┌─ Dataset entries

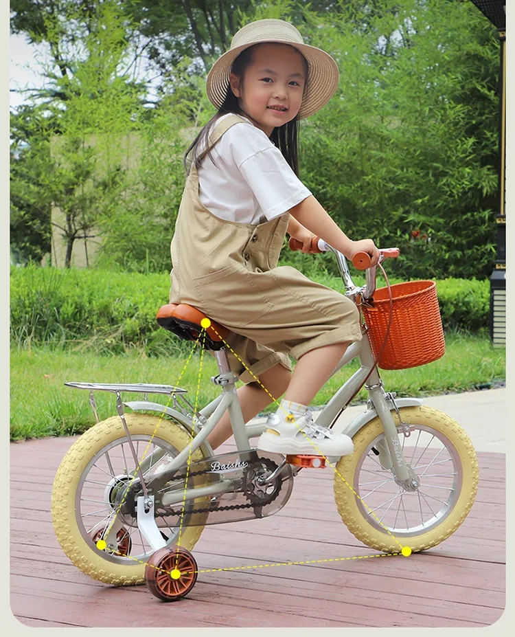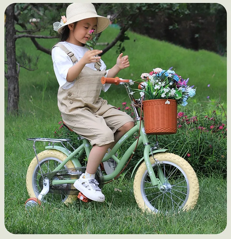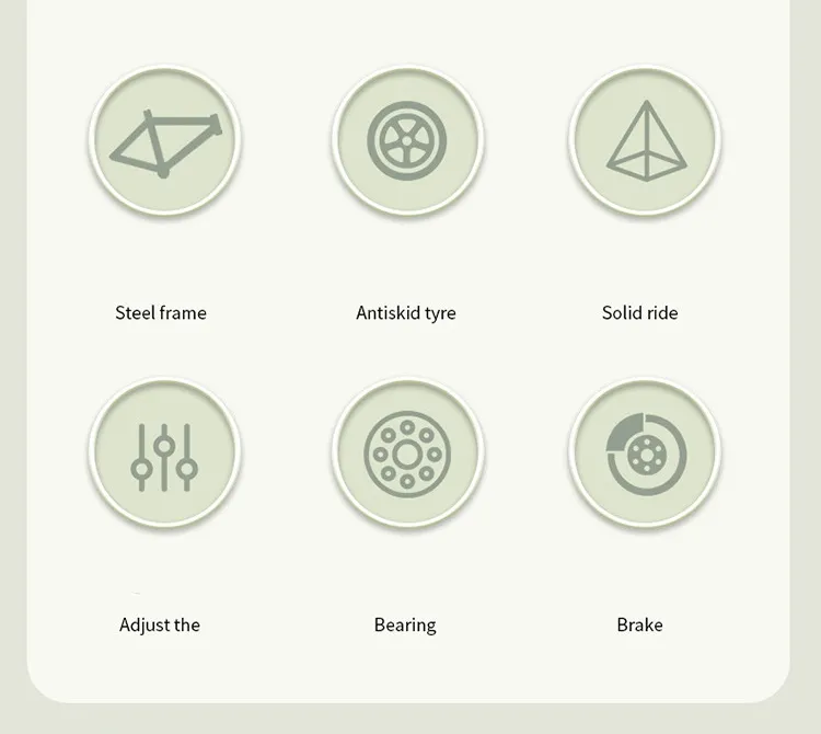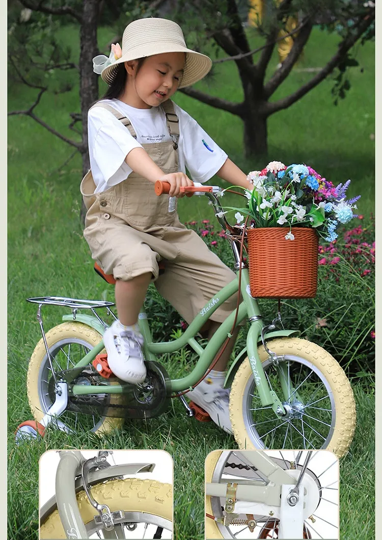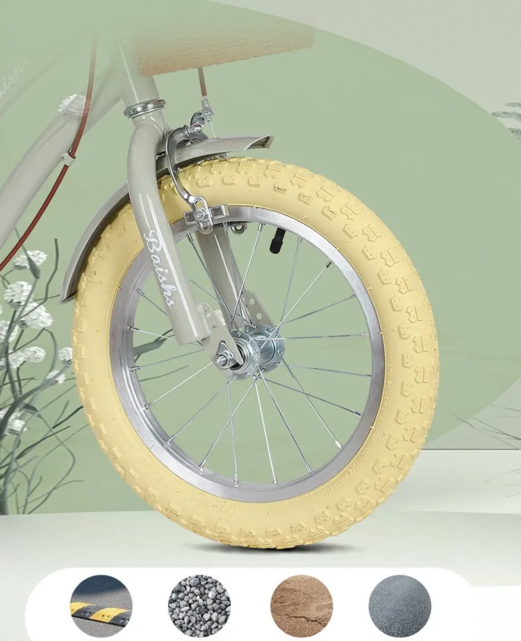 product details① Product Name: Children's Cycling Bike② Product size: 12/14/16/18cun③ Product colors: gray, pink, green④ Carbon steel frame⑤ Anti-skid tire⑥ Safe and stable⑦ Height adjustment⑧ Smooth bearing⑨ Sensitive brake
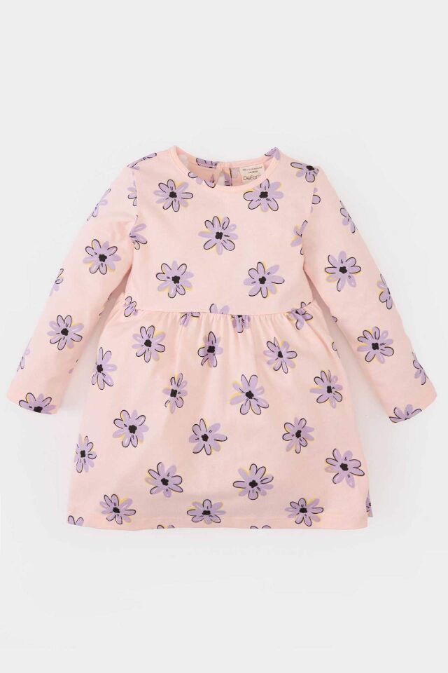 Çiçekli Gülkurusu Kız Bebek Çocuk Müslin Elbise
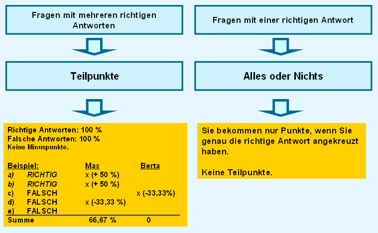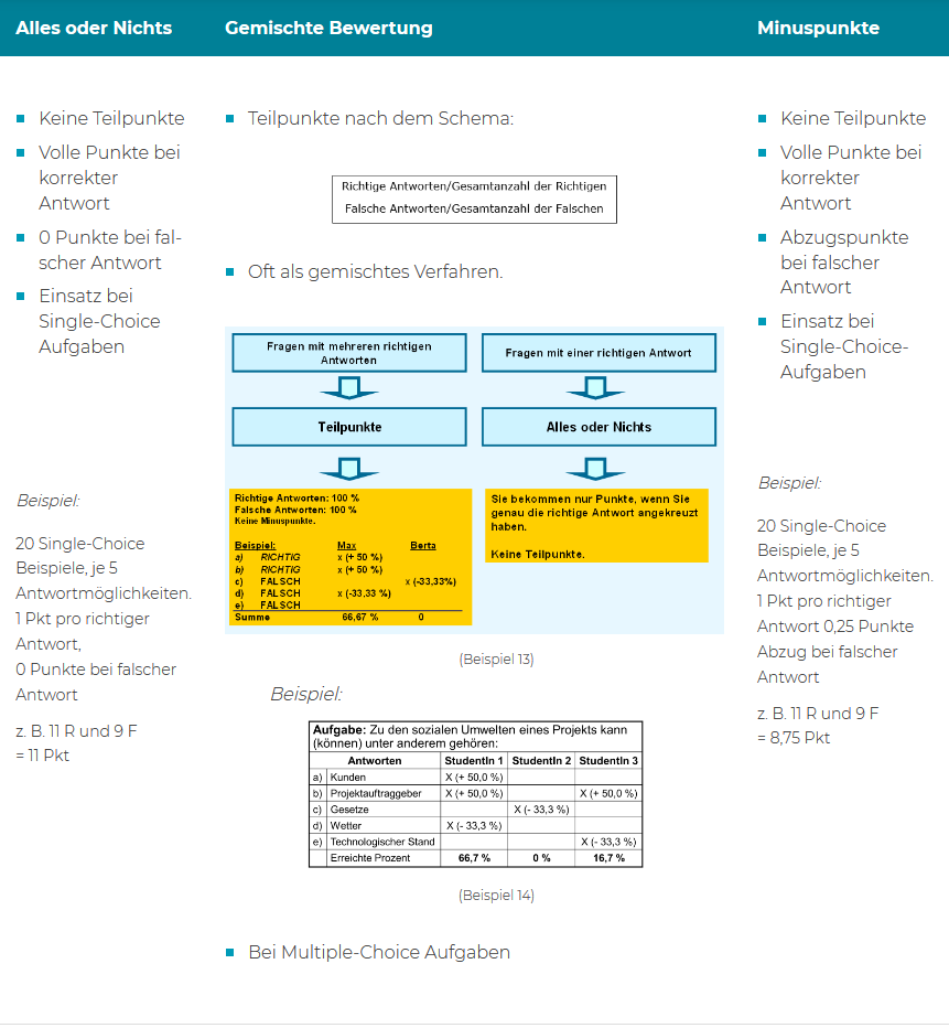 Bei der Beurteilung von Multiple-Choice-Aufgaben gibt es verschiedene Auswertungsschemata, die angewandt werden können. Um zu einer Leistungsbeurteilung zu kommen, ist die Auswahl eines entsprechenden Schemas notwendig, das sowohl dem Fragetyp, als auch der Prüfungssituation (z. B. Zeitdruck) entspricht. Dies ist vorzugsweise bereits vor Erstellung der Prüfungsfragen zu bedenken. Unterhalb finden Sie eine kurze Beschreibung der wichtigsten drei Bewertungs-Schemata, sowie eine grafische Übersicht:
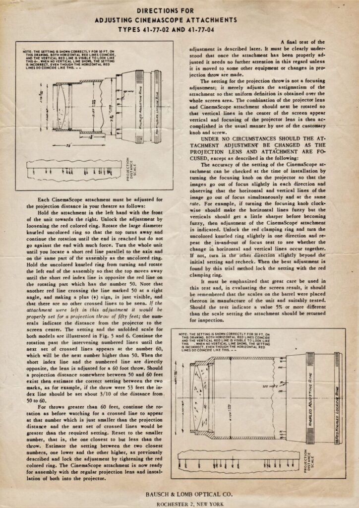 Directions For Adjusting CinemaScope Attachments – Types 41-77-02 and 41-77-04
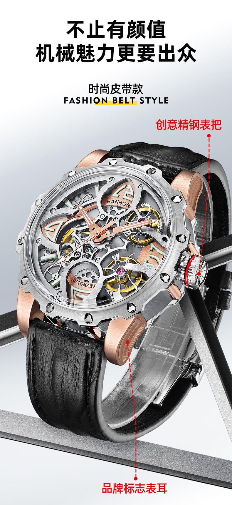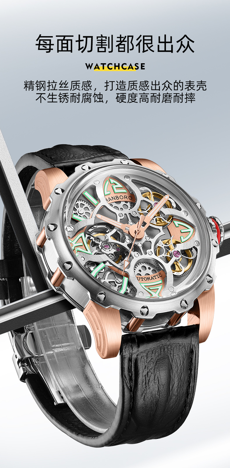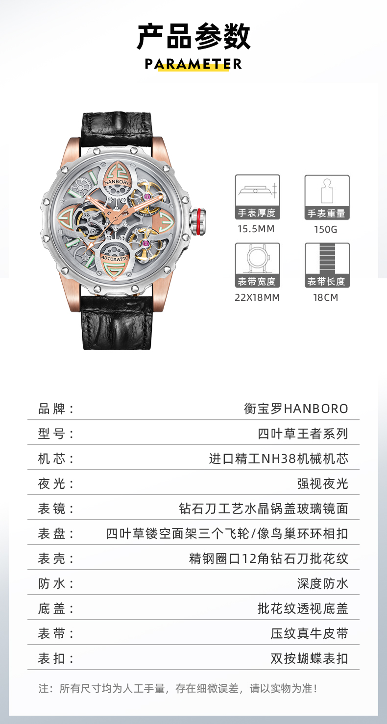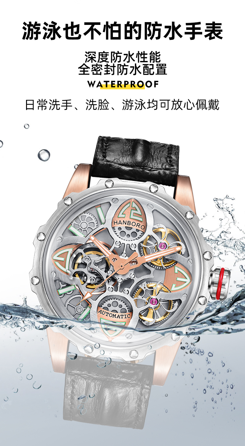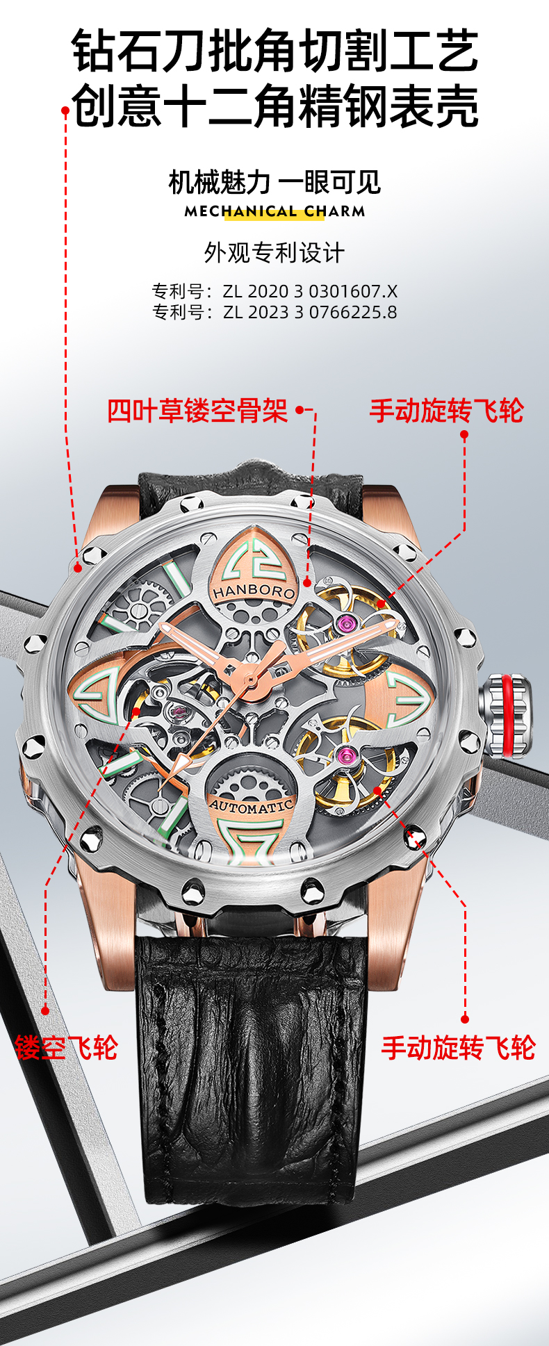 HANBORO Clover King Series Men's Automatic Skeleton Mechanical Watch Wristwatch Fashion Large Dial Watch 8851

└─

• About this exercise: Retype all entries above verbatim; no pictures belong in the copy.

• Written solution:
 product details① Product Name: Children's Cycling Bike② Product size: 12/14/16/18cun③ Product colors: gray, pink, green④ Carbon steel frame⑤ Anti-skid tire⑥ Safe and stable⑦ Height adjustment⑧ Smooth bearing⑨ Sensitive brake
 Çiçekli Gülkurusu Kız Bebek Çocuk Müslin Elbise
 Bei der Beurteilung von Multiple-Choice-Aufgaben gibt es verschiedene Auswertungsschemata, die angewandt werden können. Um zu einer Leistungsbeurteilung zu kommen, ist die Auswahl eines entsprechenden Schemas notwendig, das sowohl dem Fragetyp, als auch der Prüfungssituation (z. B. Zeitdruck) entspricht. Dies ist vorzugsweise bereits vor Erstellung der Prüfungsfragen zu bedenken. Unterhalb finden Sie eine kurze Beschreibung der wichtigsten drei Bewertungs-Schemata, sowie eine grafische Übersicht:
 Directions For Adjusting CinemaScope Attachments – Types 41-77-02 and 41-77-04
 HANBORO Clover King Series Men's Automatic Skeleton Mechanical Watch Wristwatch Fashion Large Dial Watch 8851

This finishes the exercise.